If your child is cyberbullied ensure they feel (and are) safe and secure.

Convey unconditional support.

Demonstrate that you both want an end to the trouble – the same end result: t

Work together to find a mutually‐agreeable course of action.

Get the child’s or young person’s perspective as to what might be done to improve the situation.

Probe the impact of what might happen if you schedule a meeting with school administrators (or a teacher they trust) to discuss the matter.
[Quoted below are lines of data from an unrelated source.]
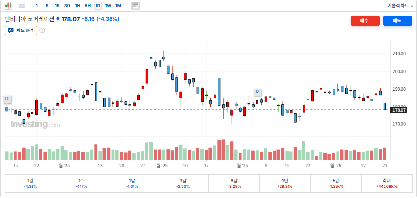- 주가: 178달러대, 하루 -4% 안팎 하락
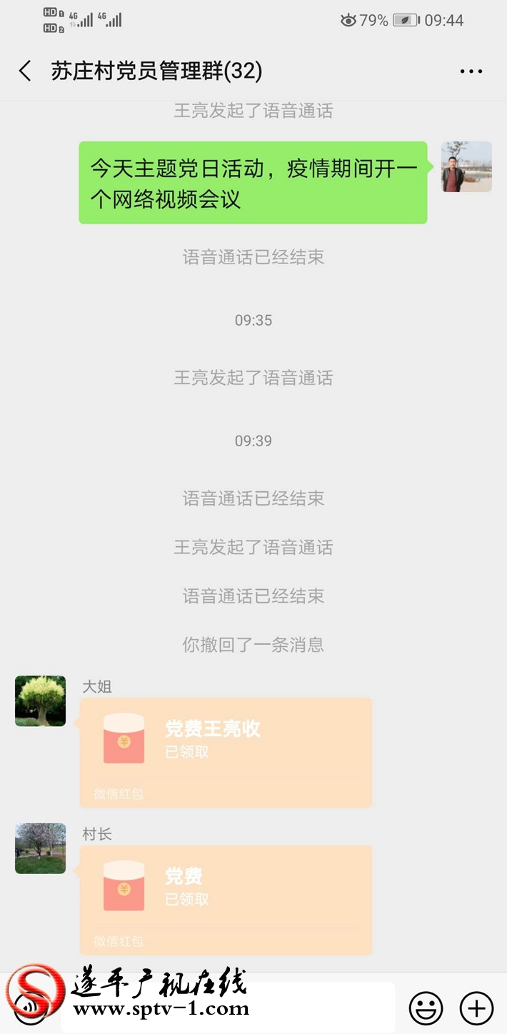 “线上”面对面,做好防疫阻击战。各村党支部以网络为媒介,开展“防控新型冠状病毒,发挥党员先锋模范作用”为主题的线上面对面主题党日活动,并通过学习强国共同学习了、《习近平总书记部署坚决打赢疫情防控阻击战》、《关于加强党的领导、为打赢疫情防控阻击战提供坚强政治保证的通知》等文件精神,并以党小组为单位用微信群视频等方式进行了学习交流,会后还通过微信红包转账等方式收缴了本月党费。通过视频会议的形式,既可以及时学习上级精神和防控知识,又能够有效减少人员聚集,对疫情防控有着十分重要的作用。
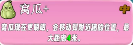 窩瓜現(xiàn)在更聰明,會移動到附近豬的位置,最大距離4米。
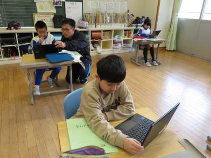 学習参観に向けての資料づくりに余念がない3年生。今まで調べてきたことを分かりやすく伝えようと、がんばっています。
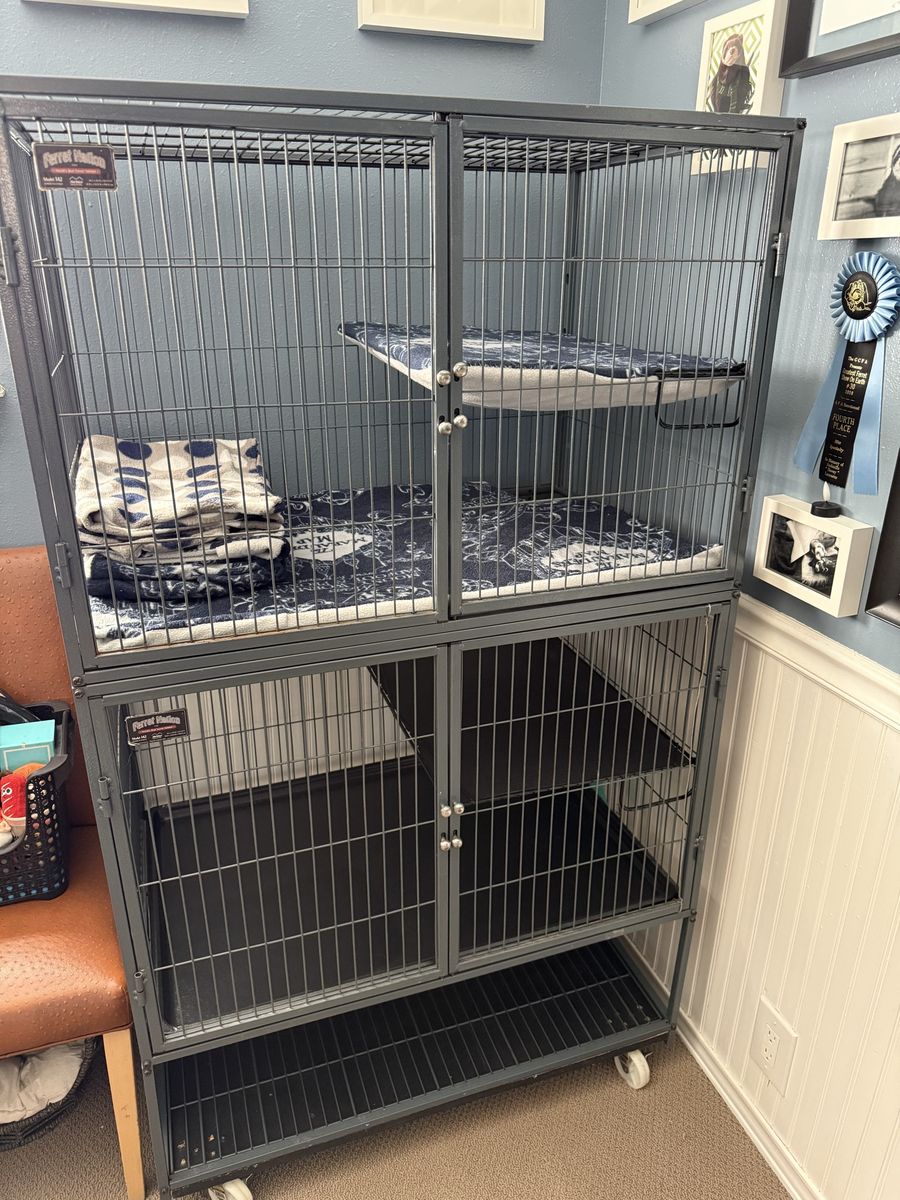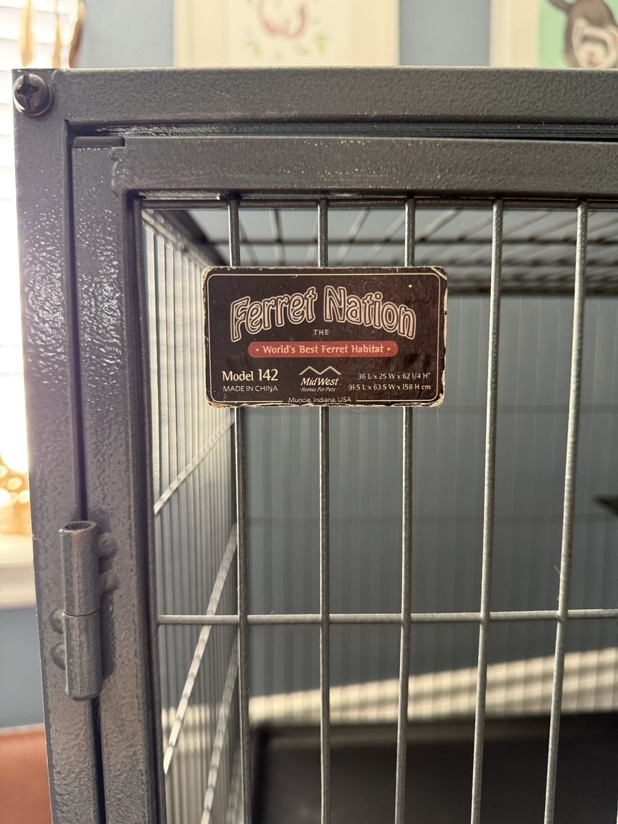 ApplePayFerret Nation Cage Pet cage Small animal Ferret, bunny, rat, chinchilla 36L x 25W x 62.25H 2 sections, 4 levels. 2 section can be separated Storage area underneath 2 inside ramps included Custom fitted shelf covers included $250 or best offer
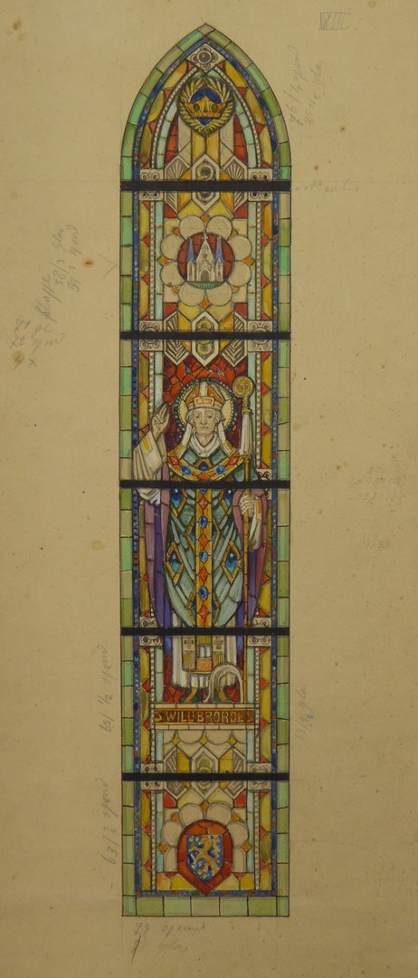 Ontwerp glasraam met St. Willibrordus (Wolvega, St. Franciscuskerk)

Practical Action You Can Take To Stop Cyberbullying.

  • Can you contact the father or mother of the offender?
  • Can you work with the Internet Service Provider, Mobile Phone Service Provider, or Content Provider to investigate the issue or remove the offending material.
  • Inform the police if there are physical threats involved or a crime has been committed.

Overall, parents must educate kids about appropriate online behaviors and kids must follow these guidelines!.

Monitor your child’s activities  online – especially early in their exploration of cyberspace. Do this informally by sharing in your child’s Internet experience, as well as using blocking software.

Always keep lines of communication open with your children, so they are willing to share the bad stuff as well as the good.

Re-inforce positive morals and values about how others should be treated.

If your child behaves strangely when they come off the phone or computer, check what's going on for them...

If your child behaves strangely when they come off the phone or computer, check what’s going on for them…


You could use an “Internet Use Contract” and a “Mobile Phone Use Contract” to create a clear understanding about what is and not appropriate but it feels a bit harsh to me – however, this may well be necessary if there has already been a history of bullying, for the victims as well as the perpetrators. Post the contract on a wall, in a highly visible place. There ought to e proportionate consequences if the terms of the contract are violated so that victms of cyberbullying (and the bystanders who observe it) must know for sure that adults will intervene, rationally and logically, and not make the situation worse.


A Child or Young Person Maybe a Victim of Cyberbullying if they:-

  • Unexpectedly stop using their computer or mobile phone
  • Appears nervous or jumpy when an instant message or email appears
  • Appears uneasy about going to school or outside in general
  • Appears to be angry, depressed, or frustrated after using the computer or mobile phone
  • Avoids discussions about what they are doing on the computer or mobile phone
  • Becomes withdrawn from usual friends and family in an unusual way


A Child Maybe Engaging in Cyberbullying if they:-

  • Quickly switch screens or closes programmes when you walk by
  • Gets unusually upset when computer or mobile phone privileges are restricted
  • Avoid discussions about what they are doing on the computer or mobile phone
  • Appear to be using multiple online accounts (or someone else’s).
  • In summary, if a young person acts in a strange way when they’re using technology, or communication devices, it’s time to find out why.